Lee Airton, Assistant Professor
Gender and Sexuality Studies in Education, Faculty of Education

"My research looks at how we prepare teachers to do particular things in their daily work surrounding diversity and equity, but particularly gender and sexual diversity. We usually think of that as meaning people who identify somewhere under the LGBTQ+ umbrella.

“There’s a whole spectrum of gender diversity that isn’t just about trans people over here, and everybody else over there. There are ways in which people do and don’t conform to different kinds of local gender norms.
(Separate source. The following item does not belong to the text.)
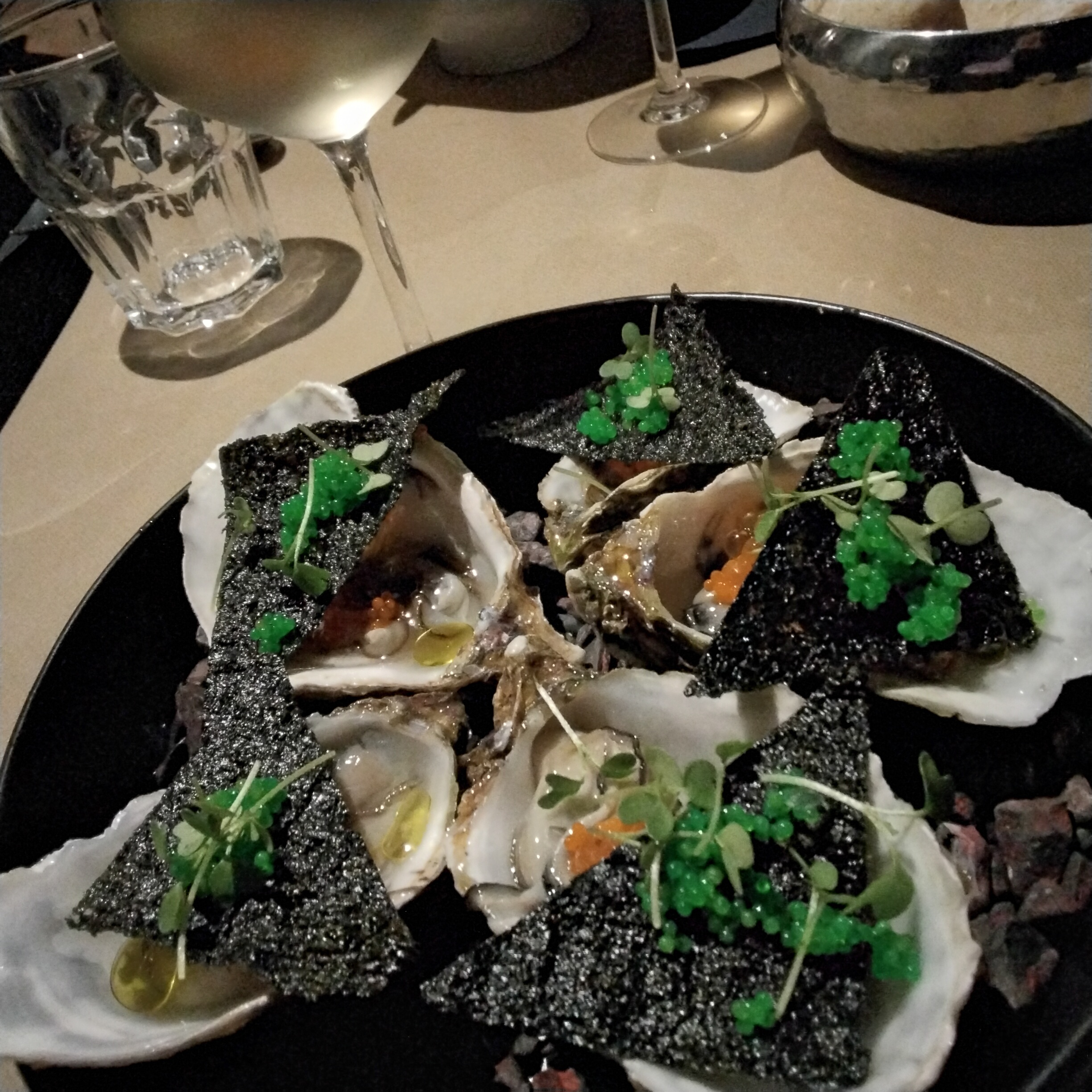 Joli cadre. Nourriture fine et bien présentée. Le concept de plats partagés est innovant, très original mais très mal mis en oeuvre : 3 coquilles saint Jacques pour 2 personnes, 3 petits pavés de boeuf pour 2 personnes . Idem pour les mignardises du dessert. La taille des rations aurait supporté qu'il y en eût 4 et non 3. Absence de legumes d'accompagnement . Rapport qualité prix moyen.

My work looks at what teachers need to know and to be able to do about those things in order to create an environment where gender and sexual diversity can exist as openly as possible.

“I try to give teacher candidates the tools to welcome how gender is being lived by all their students, even if they don’t yet know what words students use for themselves. Even if all their students are cisgender boys or cisgender girls, there are still many different ways those students are living what it means to be a boy or a girl. But usually only a couple of those are valued in the school, so I try to prepare teachers to know how to think about and recognize the different kinds of gender diversity in their classroom and to make space for those in their everyday interactions.

“I do a lot of thinking about interaction, about how we negotiate gender and sexuality in the classroom, and what are everyday teacher practices that actually close down who their students are, or who they think they can be. These can happen without teachers even knowing it; they are doing their best, but may not have a sense of the impact they have in the ways they talk and the ways they relate to their students.”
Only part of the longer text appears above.